GATX Q3 Earnings Reflect Favorable Conditions in NA Rail Market



GATX reported 2011 third quarter net income of $32.9 million compared to 2010 third quarter net income of $21.1 million. GATX said third-quarter 2011 results included a net positive impact of negative after-tax fair-value adjustments on interest rate swaps at GATX’s European rail affiliate, AAE Cargo, of $2.8 million and a tax benefit of $4.1 million from a reduction in statutory tax rates in the United Kingdom.
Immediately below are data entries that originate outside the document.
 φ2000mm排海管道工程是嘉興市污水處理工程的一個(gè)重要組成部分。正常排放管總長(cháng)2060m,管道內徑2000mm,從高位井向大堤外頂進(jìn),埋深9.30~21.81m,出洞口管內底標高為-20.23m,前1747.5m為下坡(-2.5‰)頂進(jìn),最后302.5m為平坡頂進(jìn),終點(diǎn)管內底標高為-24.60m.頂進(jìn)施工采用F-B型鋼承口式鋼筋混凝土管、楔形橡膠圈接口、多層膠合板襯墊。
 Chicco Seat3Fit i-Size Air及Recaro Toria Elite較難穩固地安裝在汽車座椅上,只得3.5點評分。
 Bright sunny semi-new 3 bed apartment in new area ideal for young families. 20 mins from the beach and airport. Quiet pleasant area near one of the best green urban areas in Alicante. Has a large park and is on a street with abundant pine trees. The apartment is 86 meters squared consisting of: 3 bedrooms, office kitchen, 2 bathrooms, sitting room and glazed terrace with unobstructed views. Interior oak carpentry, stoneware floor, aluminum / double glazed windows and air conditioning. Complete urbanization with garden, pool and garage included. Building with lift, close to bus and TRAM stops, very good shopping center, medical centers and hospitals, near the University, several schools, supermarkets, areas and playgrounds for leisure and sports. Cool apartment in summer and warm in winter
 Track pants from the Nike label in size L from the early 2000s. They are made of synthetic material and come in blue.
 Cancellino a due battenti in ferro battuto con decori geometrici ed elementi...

The company said its rail segment profit was $63.0 million in the third quarter compared to $32.7 million in third quarter 2010. Year-to-date 2011 segment profit was $171.3 million compared to $111.4 million in the same period last year. GATX said the improvement in rail’s segment profit is primarily driven by higher lease income due to more cars on lease, stronger asset remarketing activity and lower switching and storage costs as a result of higher fleet utilization.

At September 30, 2011, rail’s North American fleet totaled approximately 109,000 cars. Fleet utilization was 98.2%, consistent with the second quarter and up compared to 96.8% at the end of third quarter 2010. Renewal lease rates in the Lease Price Index (LPI) increased 9.6% over the expiring rates, compared to a 4.4% increase in the second quarter 2011 and a decline of 15.7% in the third quarter 2010. The average lease renewal term for cars in the LPI in the third quarter was 49 months, up from 41 months in the second quarter and 36 months in the third quarter of 2010.
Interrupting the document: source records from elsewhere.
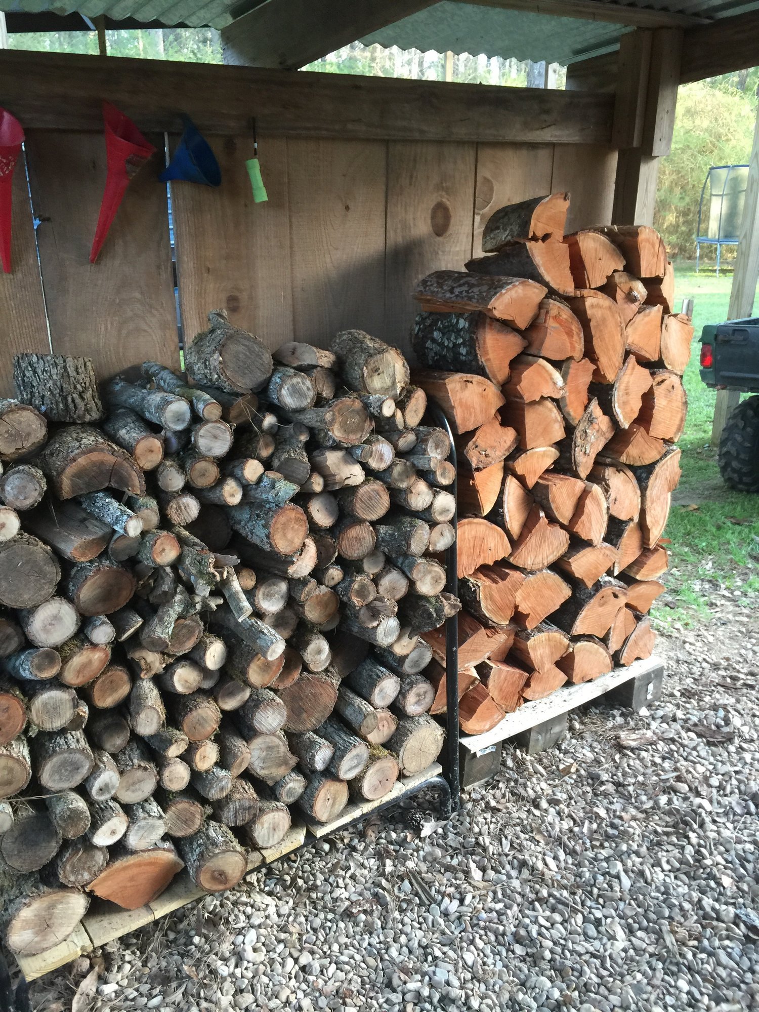 Taking this thread in a slightly different direction.....You have your wood covered....it should not go bad on you. Met a guy a few years back, and he had a similar covered wood storage. He was burning wood that he had harvested over 30 years ago when Hurricane Hugo came through SC. It was beautiful wood and burned like a charm. Congrats on making your own lump though.Ellijay GA with a Medium & MiniMax
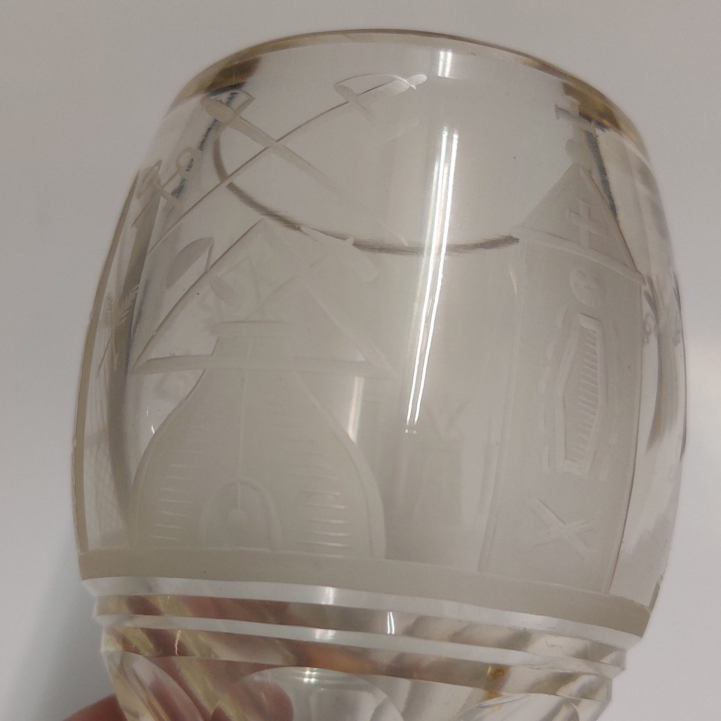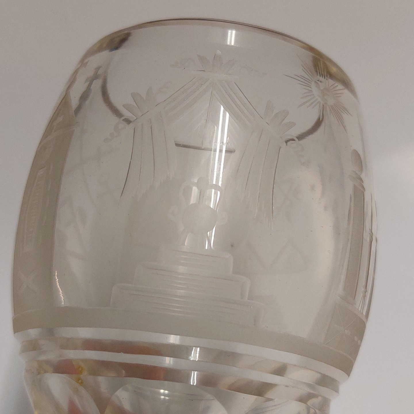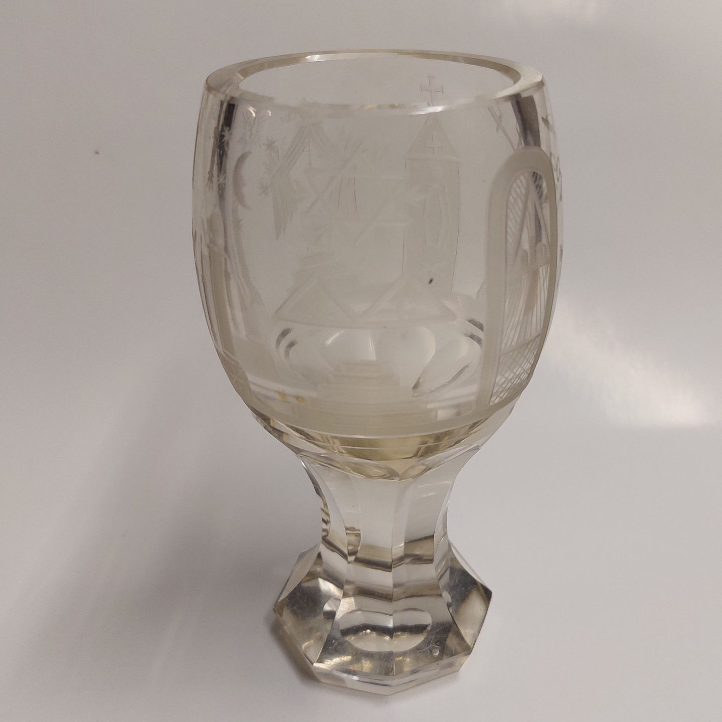 Kraftigt "Frimurer-glas" med slebne symboler. Fremstår i god stand uden skader eller reparationer. H. 15,5 cm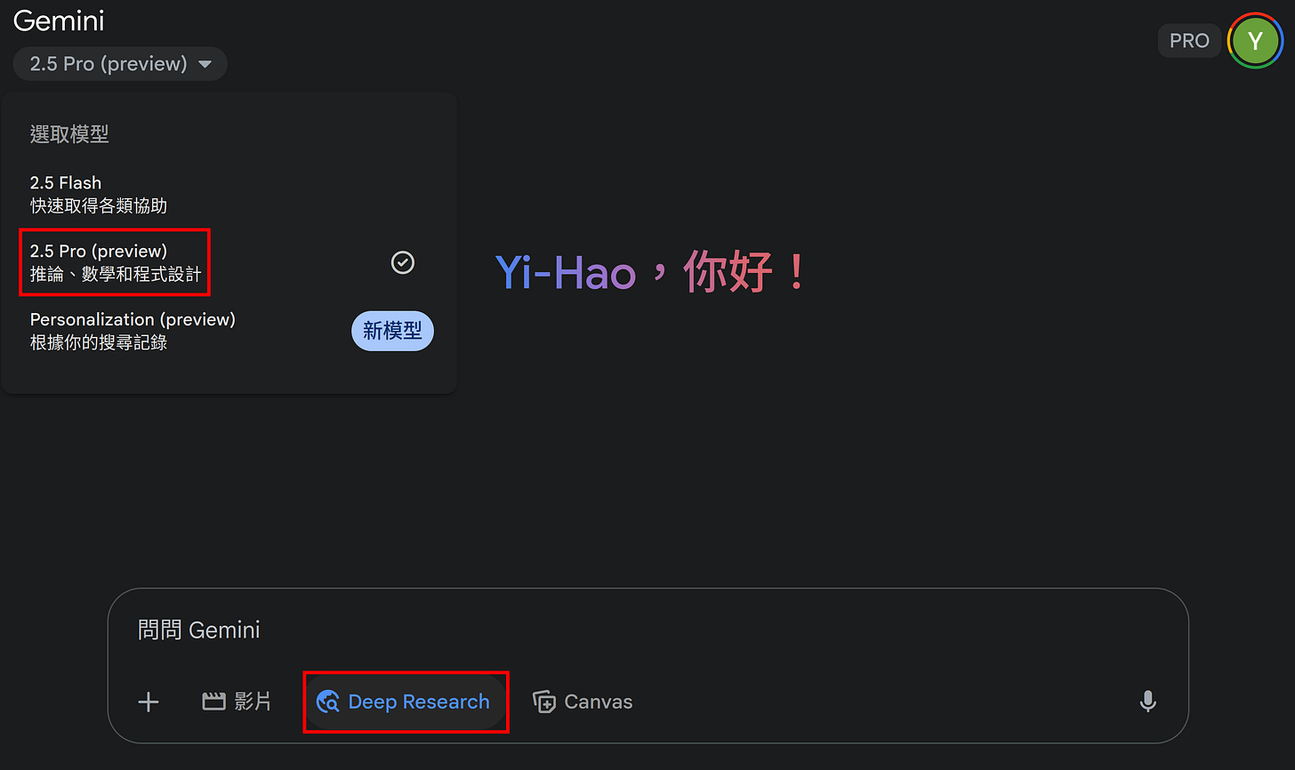 我回答:「你可以試試Google的AI Gemini。雖然它的前身Bard曾經錯答韋伯太空望遠鏡的新發現而上了新聞,不過它的搜尋及理解能力已有蠻大的進步,特別是深入研究功能。我已幫你開啟Gemini網站並用Google帳號註冊Pro版,目前它有一個月的免費試用期,可以使用到它最新的AI模型2.5 Pro來進行深入研究。你只要選擇模型並在對話框下方的功能按鈕點擊『Deep Research』,就可以輸入要請它搜尋的資訊及彙整成怎樣的文件。」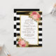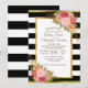 Pink and red floral on black and white horizontal striped wedding invitation with a glittery gold trim. Text, font, font size and colour are completely customisable, so this card can be customised to perfectly suit your needs.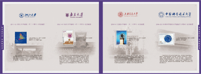 清华、北大、厦大、浙大、复旦等名校珍贵邮票封装在精致的内页中,附带学校简介,非常精美。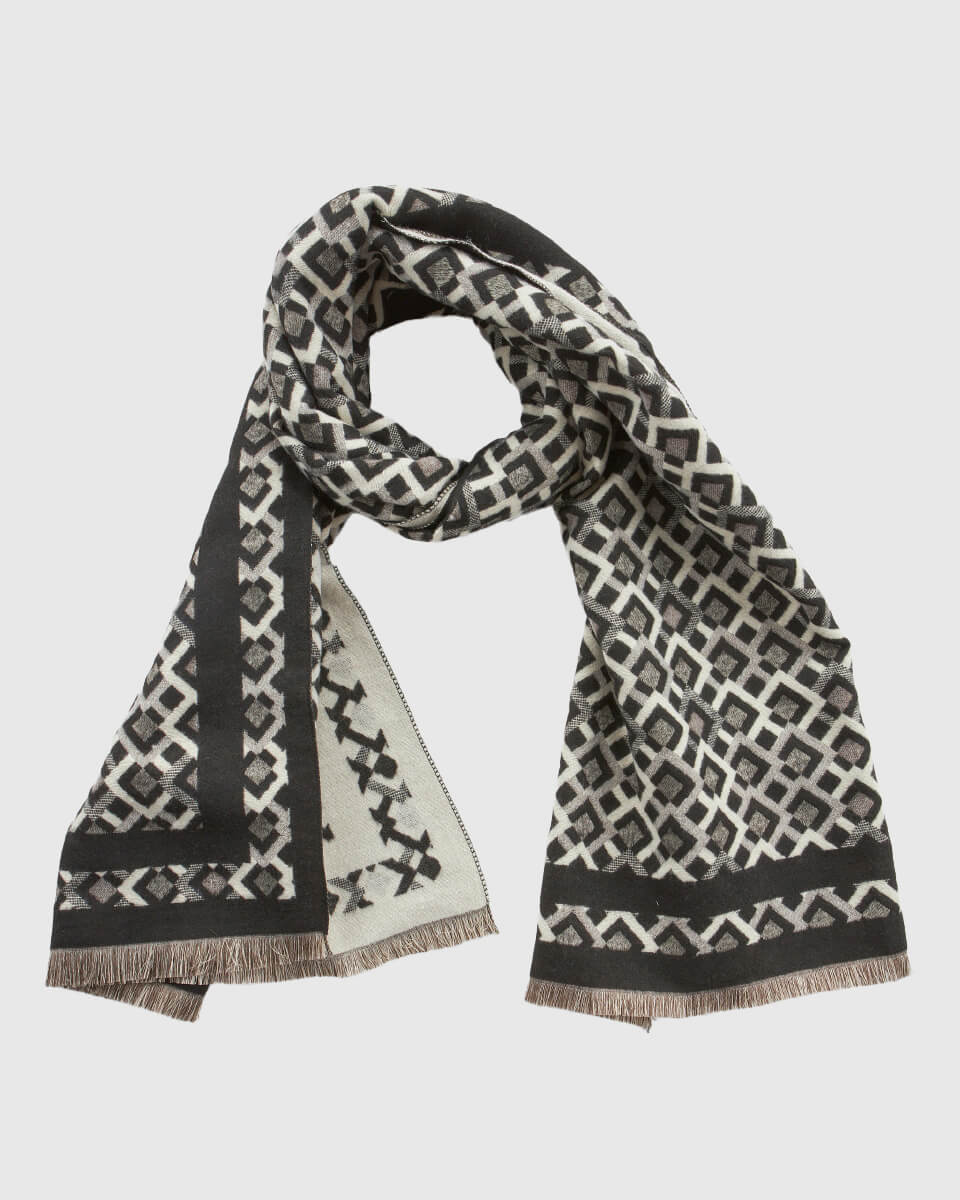 Ένα εντυπωσιακό κασκόλ με έμπνευση από παραδοσιακά μοτίβα, σε μοντέρνα εκδοχή από τη Verde. Ο συνδυασμός ρομαντικών τόνων και γεωμετρικών σχημάτων το καθιστά ξεχωριστό αξεσουάρ για το χειμώνα.

Rail’s European wholly-owned tank car fleet totaled approximately 21,000 cars and utilization was 96.0% at the end of the third quarter, compared to 95.7% at the end of the second quarter and 95.3% at the end of third quarter 2010.
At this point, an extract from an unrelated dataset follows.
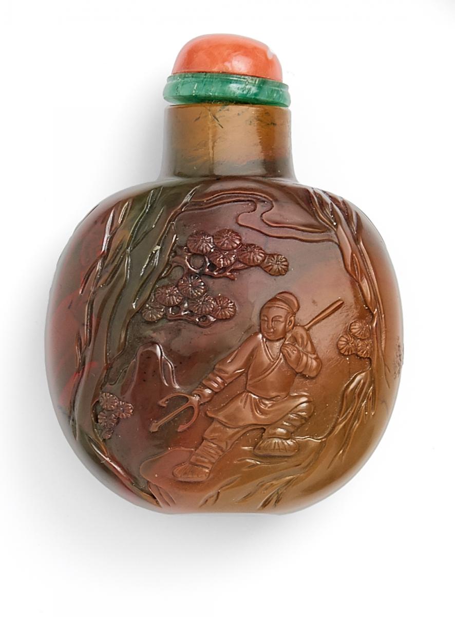 SNUFFBOTTLE. SELTENER JASPIS IN GRÜN- UND ROTBRAUN-TÖNEN. BREIT RECHTECKIG GERUNDET.

Brian A. Kenney, president and chief executive officer of GATX, said, “Operating conditions remain favorable in the North American rail market. Our fleet utilization at the end of the third quarter was 98.2%, and lease rates continue to strengthen. The Lease Price Index was a positive 9.6% as we saw high demand for many car types. Also, during the quarter we began to take delivery of new railcars that are a part of our five-year supply agreement announced earlier this year.”